A lot of your vitriol seems to be based on some supposed lack of freedom that Canadians have. Explain to me how exactly we are one iota less free (as in speech) than you by any measure that matters (ownership of the tools of violence notwithstanding). We are, as a community, significantly more economically free than you are, since our social structure is much less rigidly stratified than yours, regardless of the "self-made man" myths you use to perpetuate your unfair economic system.
I was also disappointed to see you modded down. You were no more inflammatory or biased than I was, albiet I have the advantage of being right.
We have a constitution, also. I never said anything about enshrining social programs in the supreme law of the land. Social programs are a little more elastic than a constitutionally-enshrined law. As times change we can alter our social programs to existing conditions, as does the U.S.
Our health care system does have some flaws, yes. I happen to think that, despite it's flaws, it's far superior to a system that excludes great chunks of the population. Emergency-room service is a problem. However, we have to decide as a nation how to allocate our resources. Currently there is a little bit of "conservatism" creeping into Canadian politics. I'd blame these right-wing policies for creating an underfunded health-care environment.

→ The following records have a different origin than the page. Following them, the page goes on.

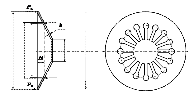 Диафрагменная (тарельчатая) пружина (Рис. 21) используемая в автомобильном сцеплении имеет две части. Одна - с радиальными разрезами служит для выключения (отвода нажимного диска), другая – рабочая, сплошного сечения находится между опорами и наружным диаметром. Опоры встроены в закругления на концах разрезов и закрепляют пружину к кожуху. Наружным диаметром пружина давит на нажимной диск, создавая силу Рн (см. формулу (37) и рис. 21). Размеры D, d, d 1 (Рис. 21) выбираются конструктивно в соответствии с диаметром нажимного диска и выжимного подшипника. Для упрощения расчетов можно принять: D 0 = 0, 98· D и d 0 = 1, 01· d. Толщина пружины h определяется по формуле:
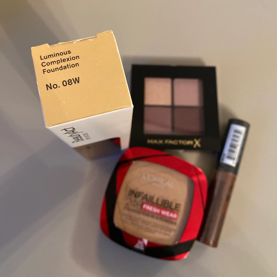 Fick dessa i julklapp och säljer pga fel färger. Går att köpa separat eller alla tillsammans. Pris för allting: 350kr. Pris separat: Nyx läppcream 50kr (ordinarie 99kr), Loreal puder 80kr (ordinarie 159kr), beautyact foundation 150kr (ordinarie 249kr), Max factor ögonskugga 90kr (ordinarie 169kr). Köparen betalar frakt, skickas via postnord ej spårbart 14kr (om man vill ha spårbart 51kr)
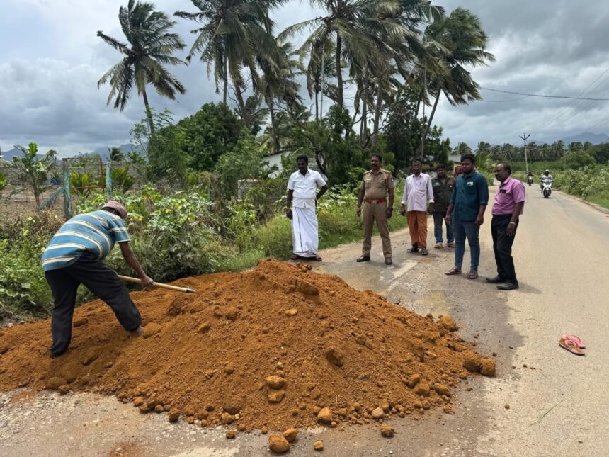 Reading: தினந்தோறும் விபத்துகள் ஏற்பட்ட குண்டும் குழியுமான சாலை தற்காலிகமாக சரி செய்யப்பட்டது
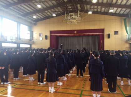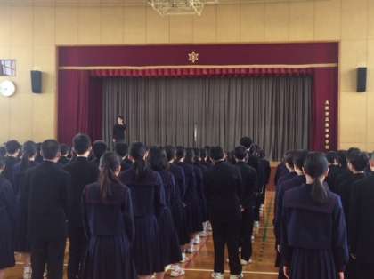 全校集会を行いました。校長先生から言葉の使い方について様々な例をあげながら話がありました。相手の気持ちになって受け応えする、例えばイエスバット法というコミュニケーションの取り方もある。そういった心遣いが人間関係を良くするという話もありました。今後、気をつけていきましょう。
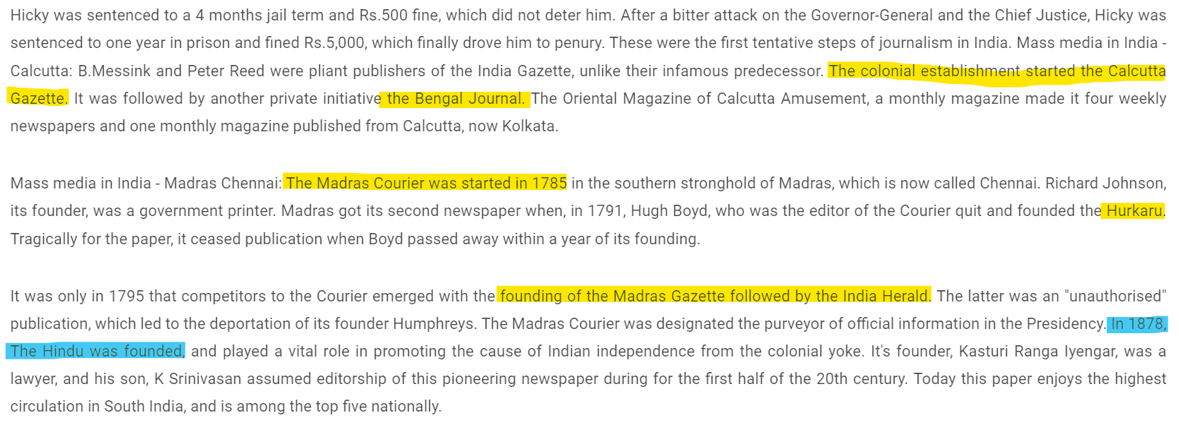 Other publications followed, such as The Bengal Journal, Calcutta Chronicle, Madras Courier, and Bombay Herald. Most of them were hit by censorship from the East India Company.
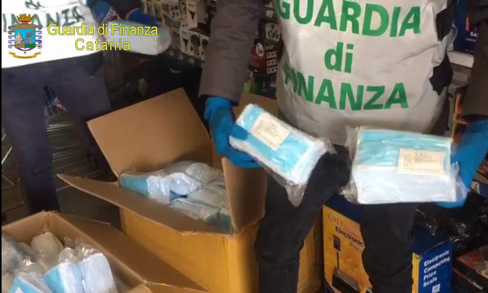 I militari del Comando provinciale della Guardia di Finanza di Catania, nell’ambito dei servizi effettuati per il contenimento dell’epidemia da Coronavirus, hanno sequestrato a Misterbianco, 10.000 mascherine di protezione individuale (D.P.I.) non sicure, trovate all’interno di un esercizio commerciale, gestito da un cittadino cinese.
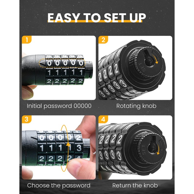 - Warm Reminder: Don't lock your bike outside for a long time. Especially in high-crime areas. No bike lock cable is 100% safe. Passwords are resettable and please set your own password combination,default password is 00000. Some models of scooters cannot support the wheel lock method, please compare carefully.
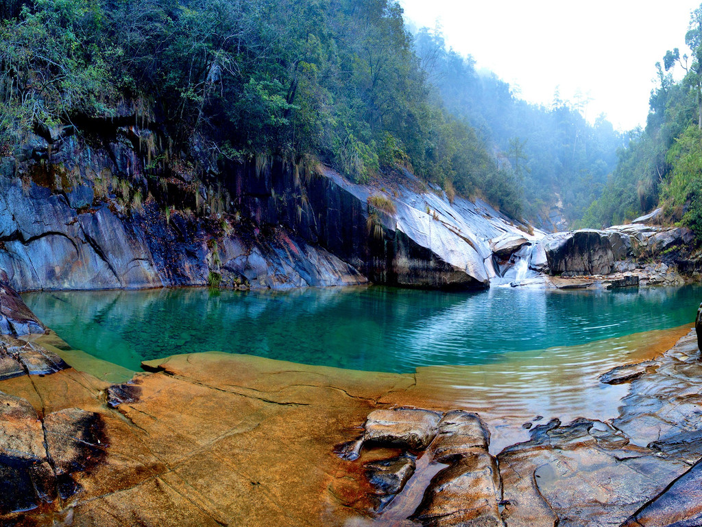 梧风洞的水,号称“江南九寨”,梧风洞,并非是个洞,其主体是马溪。马溪,从大茅山主峰笔架山流下来,穿谷而过,直至双溪湖。马溪是花岗岩峡壁的河谷景观与原始森林的生态景观,完美结合的典范。
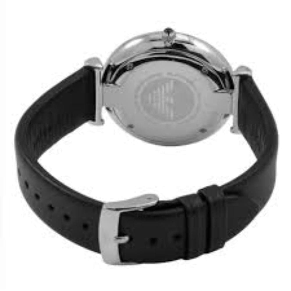 EMPORIO ARMANI ANALOG QUARTZ SILVER STAINLESS STEEL AR1674 BLACK LEATHER STRAP MEN’S WATCH
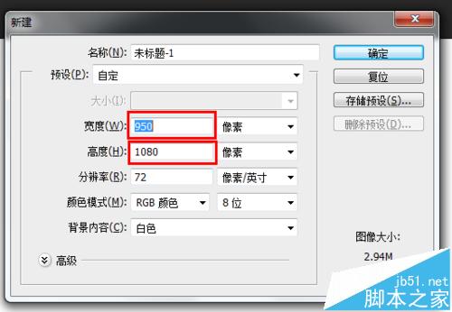 2、然后新建一個950x1080的文檔,雙擊背景圖層,變成普通圖層,填充一個顏色
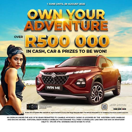 Make sure to enter YOUR TICKET TO FUN at Mykonos Casino from 1 Oct until 16 Jan 2026. Our Tsogo Rewards members are in for quite a ride, as we’re giving away OVER R600 000 in Cash & Prizes, including a brand new Toyota Starlet Cross– pretty great, right? It’s Your ticket to FUN!
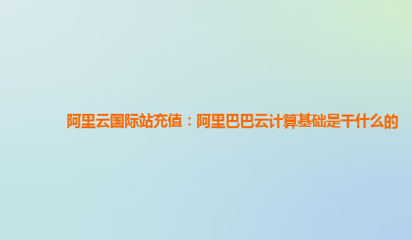 阿里云國(guó)際站充值:阿里巴巴云計(jì)算基礎(chǔ)是干什么的?
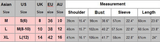 | AUS - size | AUS - size | UK - size | Europe - size | USA - size |

My sales tax is 15%, not 22%.
It's never been a problem for me not to be able to own a weapon. My father always had (and still has) a gun rack with some beautiful rifles in it for hunting. However, I can't remember the last time there was a violent crime committed with a weapon in my town (Windsor, Ontario), unless it was by an American from Detroit who happened across the border with his constitutionally-guaranteed handgun in his pocket. All I have to do is look across the Detroit River to see what happens when you have unrestrained capitalism, rampant poverty, and Wild-West style gun laws. Doesn't look very attractive.
Socialism isn't a "slippery slope", at least not in the Canadian experience. Funding for social programs expands and contracts according to the will of the electorate. We've reexamined welfare, health care, education, etc. numerous times in my memory. We just have some basic values of inclusion and universality that you would do well to really think about before you just have a programmed, knee jerk reaction.
Look, to my mind American conservatives are being duped, unless you are one of the primary benificiaries of the system (ie. a billionaire). Your political leaders trot out this crappy old FUD about freedom and self-determination and self-reliance, meanwhile millions of your fellow citizens lead lives of hopelessness that are "nasty,brutish and short". If you make a hundred grand a year and think you're a natural benificiary of the system, you're kidding yourself.
As long as you bring good ol' American greenbacks with you, you can take shelter in my brand-new "George W. Bush Refugee Centre" (formerly known as "The Toolshed"). $10.00 US per night, dig your own latrine please.
hmm. 10.00 USD per day probably equals my salary in Canadian Pesos.
That's right - 1/4 of our doctors go for the big bucks and move south of the border to service the proportion of the US population who can afford decent medical care.
;)
There ARE remedies to this problem, they just require political will. Doctors who draw on Canadian resources to get their medical degree at a fraction of it's actual cost should be contractually obligated to provide medical care in Canada for a period of time.
Socialism isn't slavery, it's a rational distribution of national assets. Although the talented and lucky in the U.S. may outperform their Canadian counterparts, at least we don't need to look over our shoulders and make sure the institutionalized underclass isn't ready to revolt yet. Freedom in terms of political rights (eg speech) are distinct from economic rights (eg markets). It appears to me that when these rights are in conflict in a pathologically capitalist state like the USA, it's the economic rights which win out.
By the way, anyone want to hire me to work in the US using a TN Visa?